How DPS Jobs Pick Up Custom Settings For Your Region

There are several settings, such as EPSG code, that need to be changed depending on the region for which we are running FEDS. The default settings are those stored in FireConsts.py:Settings. Most custom regions will require some changes to these default settings.

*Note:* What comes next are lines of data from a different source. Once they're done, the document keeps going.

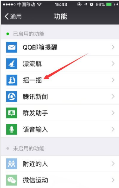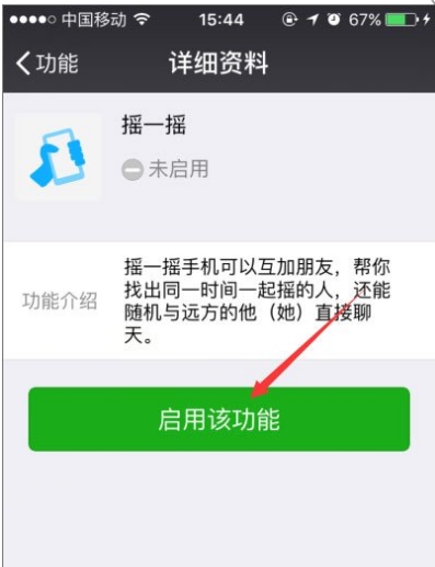 8. 下一步,我们要“重新启用该功能”,这样微信摇一摇功能就又可以使用了。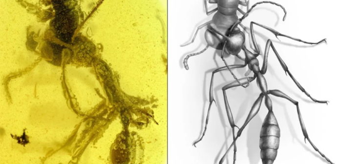 Il tutto però è andato male anche al “carnefice” oltre che alla vittima perché entrambi sono rimasti intrappolati nell’ambra. La scena rimasta immortalata – è proprio il caso di dirlo – offre uno sguardo dettagliato su una specie di formiche preistoriche recentemente identificata (Ceratomyrmex ellenbergeri), e mostra alcune tra le prime prove dirette delle loro caratteristiche assassine, prima tra tutte l’uso delle bizzarre e mortali mandibole simili a falci in un movimento verticale che inchioda la preda.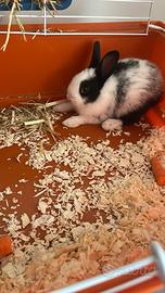 Vendo coniglio nano poiché non ho spazio per poterlo far correre e giocare. Con il coniglio includo gabbia , dispenser fieno e acqua , giochini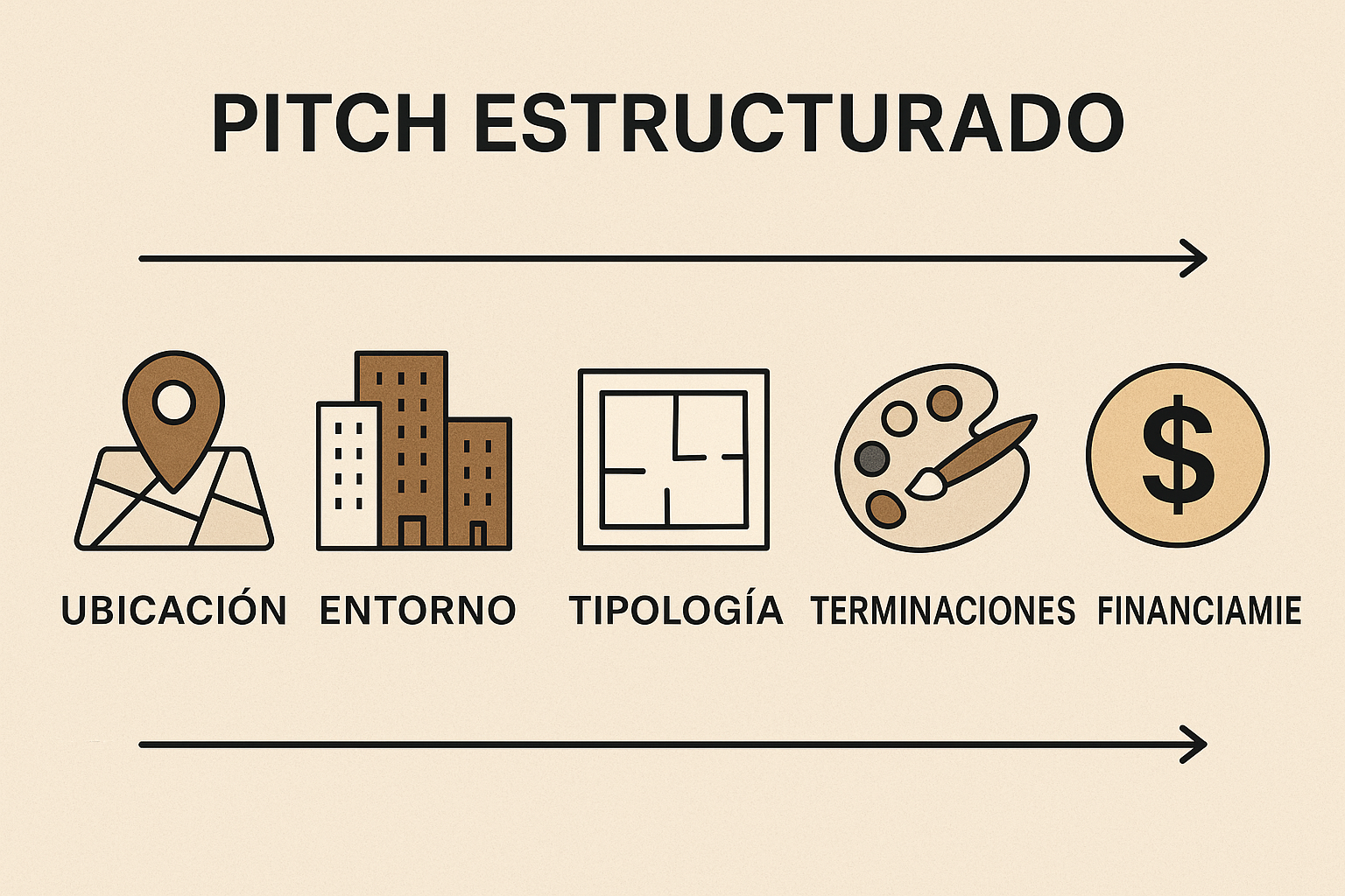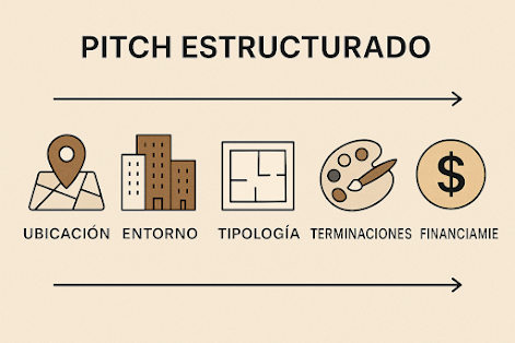 Ordena el discurso en una secuencia lógica: ubicación → entorno → tipologías → terminaciones → financiamiento.

The settings used to run a given region regnm on DPS are defined in a .env file stored in the Settings.PREPROCESSED_DIR/${regnm} folder. If there is no such file here, the default settings are used.

Note

Settings.PREPROCESSED_DIR points to s3://maap-ops-workspace/shared/gsfc_landslides/FEDSpreprocessed in our current production setup. You can see existing regions there.

A couple points will describe how this all works:

We use the package pydantic-settings in the fireatlas code to manage our settings. If you look at the class declaration in FireConsts.py you’ll see this piece of config below. This tells us a few different things:
```
class Settings(BaseSettings):
# read in all env vars prefixed with `FEDS_` they can be in a .env file
model_config = {
    "env_file": ".env",
    "extra": "ignore",
    "env_prefix": "FEDS_",
}
```
- if there is a .env file available read it and use the key/values there to override any defaults listed in this class
- if there are variables in the .env file that are not declared in this class do not use them
- everything in the .env that will act as an override is prefixed with FEDS_ (so to override LOCAL_PATH in the .env you would declare FEDS_LOCAL_PATH=<value>)

All DPS jobs are kicked off via the /maap_runtime/run_dps_cli.sh script. In that file there’s a single function and line that attempts (and gracefully exists) to bring over the .env file for a DPS run:

# TODO: this will have to be changed to be passed dynamically once we want to use other s3 buckets
copy_s3_object "s3://maap-ops-workspace/shared/gsfc_landslides/FEDSpreprocessed/${regnm}/.env" ../fireatlas/.env

Any imports of the fireatlas package should now have these overrides included in calls to python FireRunDaskCoordinator.py.